___ Working data

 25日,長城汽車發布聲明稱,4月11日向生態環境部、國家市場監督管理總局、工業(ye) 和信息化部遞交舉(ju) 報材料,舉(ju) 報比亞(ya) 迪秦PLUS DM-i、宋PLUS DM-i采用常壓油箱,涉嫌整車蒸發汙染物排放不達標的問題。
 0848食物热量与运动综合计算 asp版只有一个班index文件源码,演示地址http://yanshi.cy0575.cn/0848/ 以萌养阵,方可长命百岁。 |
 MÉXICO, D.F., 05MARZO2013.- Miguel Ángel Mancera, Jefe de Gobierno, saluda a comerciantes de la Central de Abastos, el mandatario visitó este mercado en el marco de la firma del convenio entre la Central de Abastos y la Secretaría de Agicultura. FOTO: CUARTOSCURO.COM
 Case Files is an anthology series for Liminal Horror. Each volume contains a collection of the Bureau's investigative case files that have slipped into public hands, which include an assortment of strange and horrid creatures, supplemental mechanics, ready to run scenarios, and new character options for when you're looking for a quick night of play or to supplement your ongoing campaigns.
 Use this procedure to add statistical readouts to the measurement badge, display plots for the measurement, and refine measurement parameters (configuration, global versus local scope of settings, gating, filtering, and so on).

______
___ Working data

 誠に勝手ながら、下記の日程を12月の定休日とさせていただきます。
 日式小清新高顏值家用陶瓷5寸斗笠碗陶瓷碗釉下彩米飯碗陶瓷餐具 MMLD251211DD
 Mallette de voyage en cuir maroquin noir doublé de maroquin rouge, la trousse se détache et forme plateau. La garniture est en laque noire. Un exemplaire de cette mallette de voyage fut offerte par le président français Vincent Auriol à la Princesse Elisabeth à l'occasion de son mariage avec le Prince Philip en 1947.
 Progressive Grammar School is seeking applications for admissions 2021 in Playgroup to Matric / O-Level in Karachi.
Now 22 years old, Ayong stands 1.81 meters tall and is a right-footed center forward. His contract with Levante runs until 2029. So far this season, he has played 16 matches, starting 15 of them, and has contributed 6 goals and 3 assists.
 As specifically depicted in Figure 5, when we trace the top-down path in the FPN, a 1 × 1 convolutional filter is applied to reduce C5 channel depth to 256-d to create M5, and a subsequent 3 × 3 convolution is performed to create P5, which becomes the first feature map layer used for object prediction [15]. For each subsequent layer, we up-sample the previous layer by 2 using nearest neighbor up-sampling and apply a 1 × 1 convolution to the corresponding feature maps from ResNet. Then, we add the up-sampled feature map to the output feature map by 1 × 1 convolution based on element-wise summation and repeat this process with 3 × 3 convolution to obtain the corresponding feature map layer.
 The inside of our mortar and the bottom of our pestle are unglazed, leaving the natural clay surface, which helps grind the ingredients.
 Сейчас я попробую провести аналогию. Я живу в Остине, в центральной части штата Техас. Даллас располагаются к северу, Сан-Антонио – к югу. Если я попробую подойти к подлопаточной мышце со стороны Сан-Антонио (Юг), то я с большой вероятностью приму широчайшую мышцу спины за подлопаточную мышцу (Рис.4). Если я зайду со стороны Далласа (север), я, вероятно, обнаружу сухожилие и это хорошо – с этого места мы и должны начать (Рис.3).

______

__Work to complete__. Find the lines in the records that contain the word "with", then copy every one of them.

__Final answer__.
Now 22 years old, Ayong stands 1.81 meters tall and is a right-footed center forward. His contract with Levante runs until 2029. So far this season, he has played 16 matches, starting 15 of them, and has contributed 6 goals and 3 assists.
 As specifically depicted in Figure 5, when we trace the top-down path in the FPN, a 1 × 1 convolutional filter is applied to reduce C5 channel depth to 256-d to create M5, and a subsequent 3 × 3 convolution is performed to create P5, which becomes the first feature map layer used for object prediction [15]. For each subsequent layer, we up-sample the previous layer by 2 using nearest neighbor up-sampling and apply a 1 × 1 convolution to the corresponding feature maps from ResNet. Then, we add the up-sampled feature map to the output feature map by 1 × 1 convolution based on element-wise summation and repeat this process with 3 × 3 convolution to obtain the corresponding feature map layer.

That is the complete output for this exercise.